=== DATA FOR ANALYSIS ===

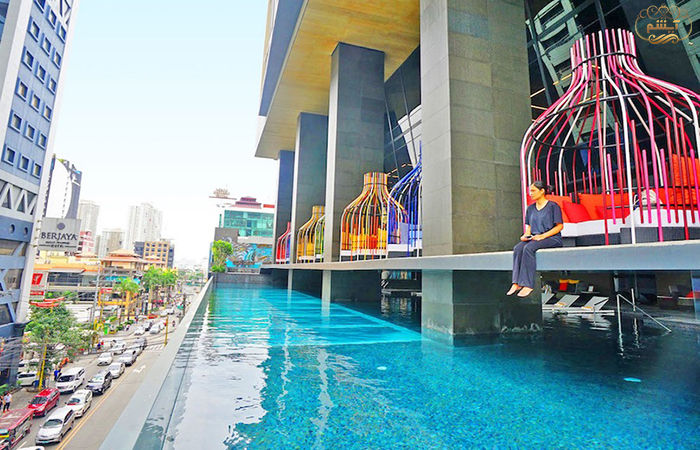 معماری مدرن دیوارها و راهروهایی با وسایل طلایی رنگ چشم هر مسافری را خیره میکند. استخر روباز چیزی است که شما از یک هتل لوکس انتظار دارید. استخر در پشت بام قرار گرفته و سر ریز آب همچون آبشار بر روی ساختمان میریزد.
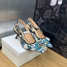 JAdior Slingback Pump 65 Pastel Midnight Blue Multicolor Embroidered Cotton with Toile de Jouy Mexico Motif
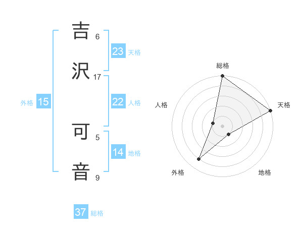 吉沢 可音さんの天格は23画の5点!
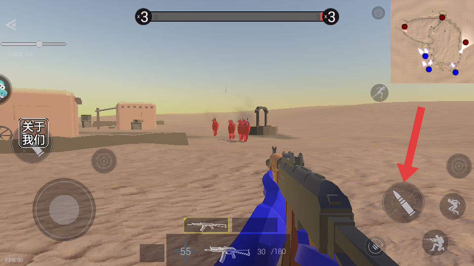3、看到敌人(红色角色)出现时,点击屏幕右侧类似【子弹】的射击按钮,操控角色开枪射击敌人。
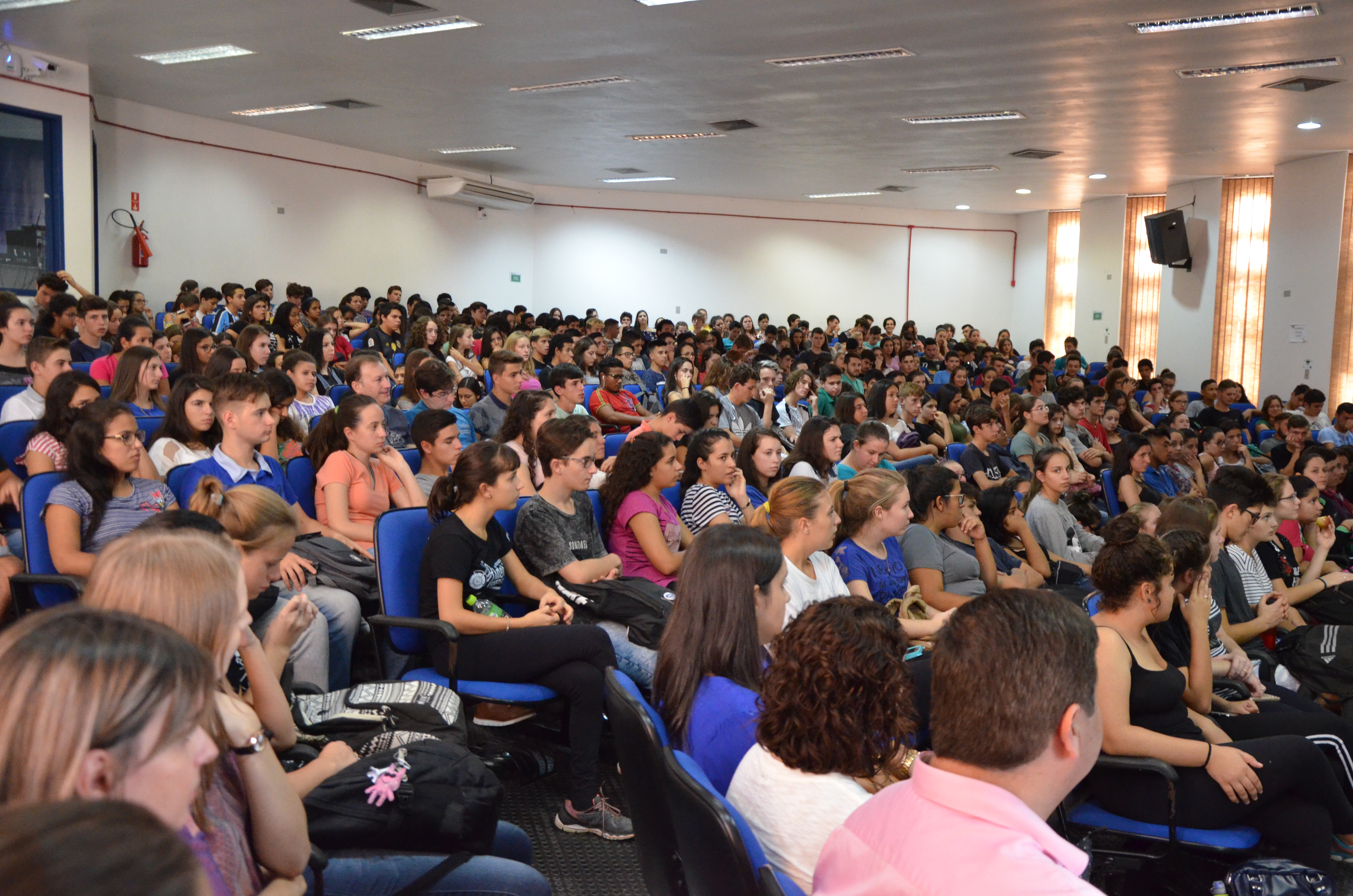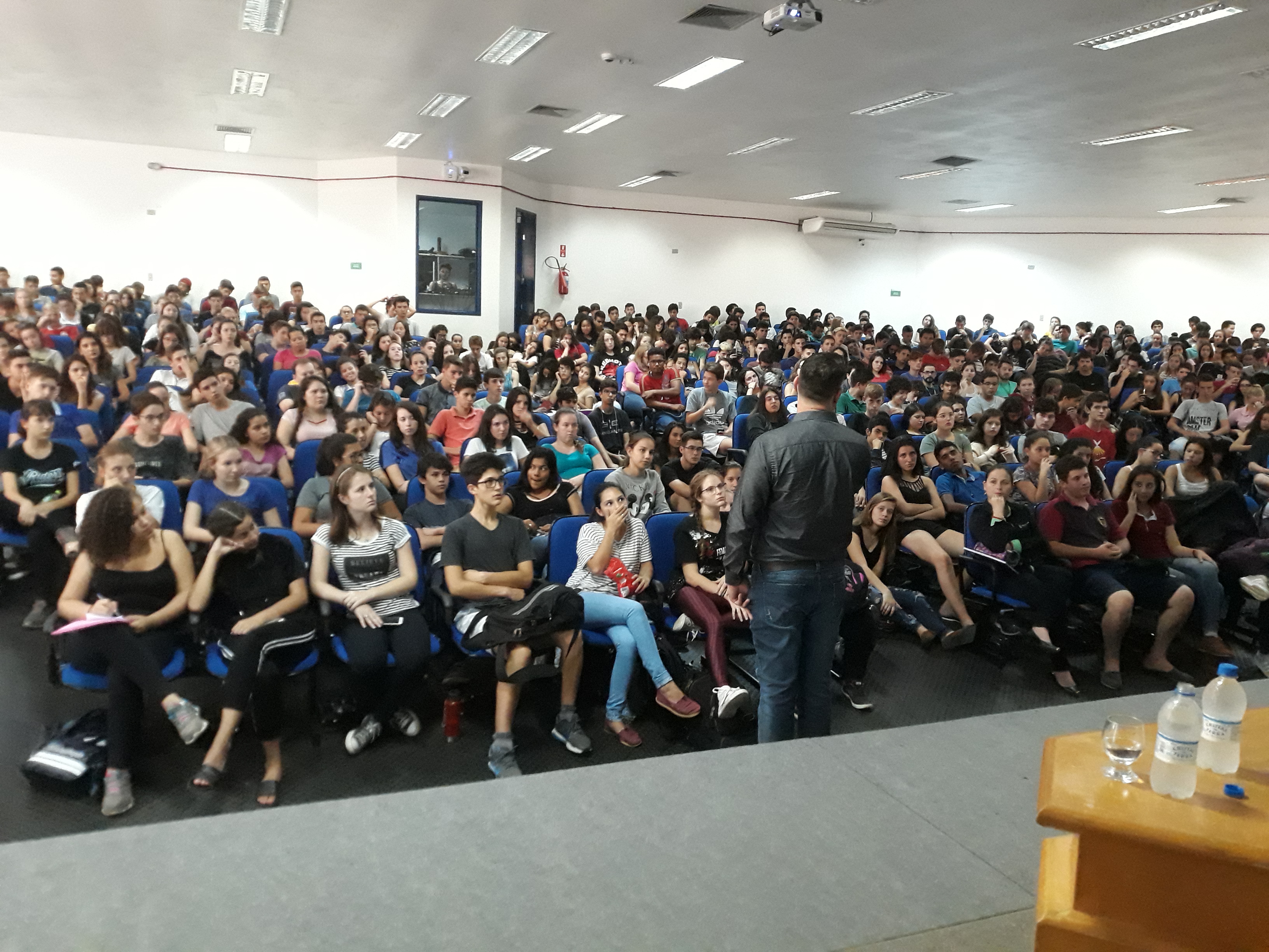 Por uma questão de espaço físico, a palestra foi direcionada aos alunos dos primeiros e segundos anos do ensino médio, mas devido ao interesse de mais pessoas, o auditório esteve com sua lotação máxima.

===
=== DATA FOR ANALYSIS ===

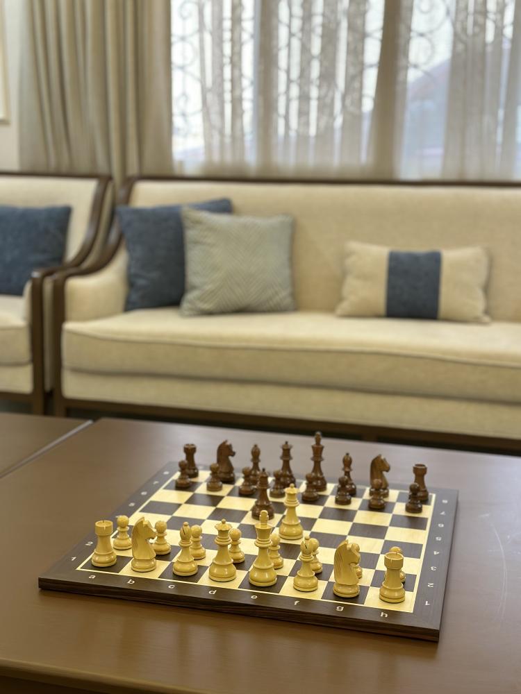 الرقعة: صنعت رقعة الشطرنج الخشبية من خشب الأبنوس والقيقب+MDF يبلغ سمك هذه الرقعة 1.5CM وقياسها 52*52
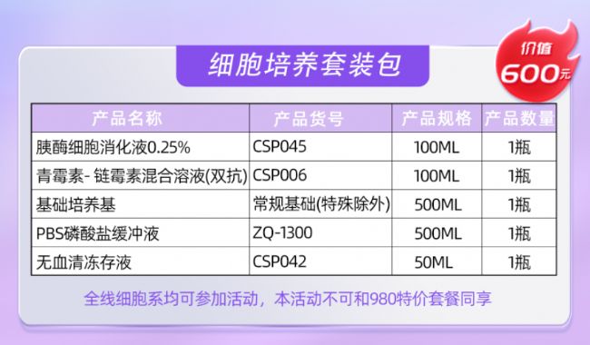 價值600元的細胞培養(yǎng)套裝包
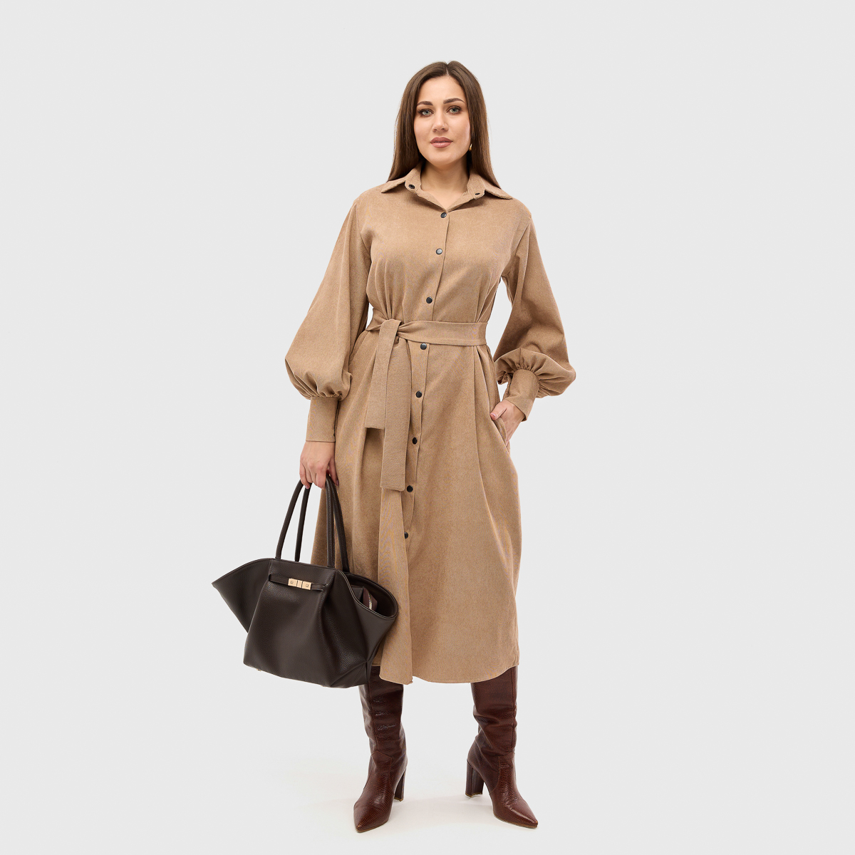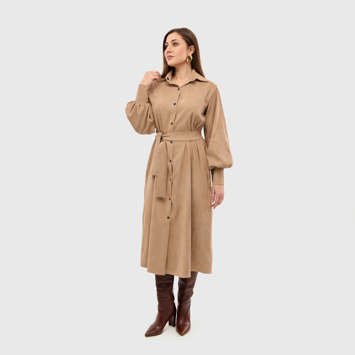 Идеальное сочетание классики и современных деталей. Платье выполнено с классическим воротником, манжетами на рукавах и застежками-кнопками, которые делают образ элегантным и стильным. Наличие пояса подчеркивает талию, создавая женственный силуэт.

===

Print, word for word, the lines above that run from the line containing "الرقعة: صنعت رقعة" to the line containing "Идеальное сочетание классики", both included. Keep the pictures out.

◆ **REPLY TO THE EXERCISE**
 الرقعة: صنعت رقعة الشطرنج الخشبية من خشب الأبنوس والقيقب+MDF يبلغ سمك هذه الرقعة 1.5CM وقياسها 52*52
 價值600元的細胞培養(yǎng)套裝包
 Идеальное сочетание классики и современных деталей. Платье выполнено с классическим воротником, манжетами на рукавах и застежками-кнопками, которые делают образ элегантным и стильным. Наличие пояса подчеркивает талию, создавая женственный силуэт.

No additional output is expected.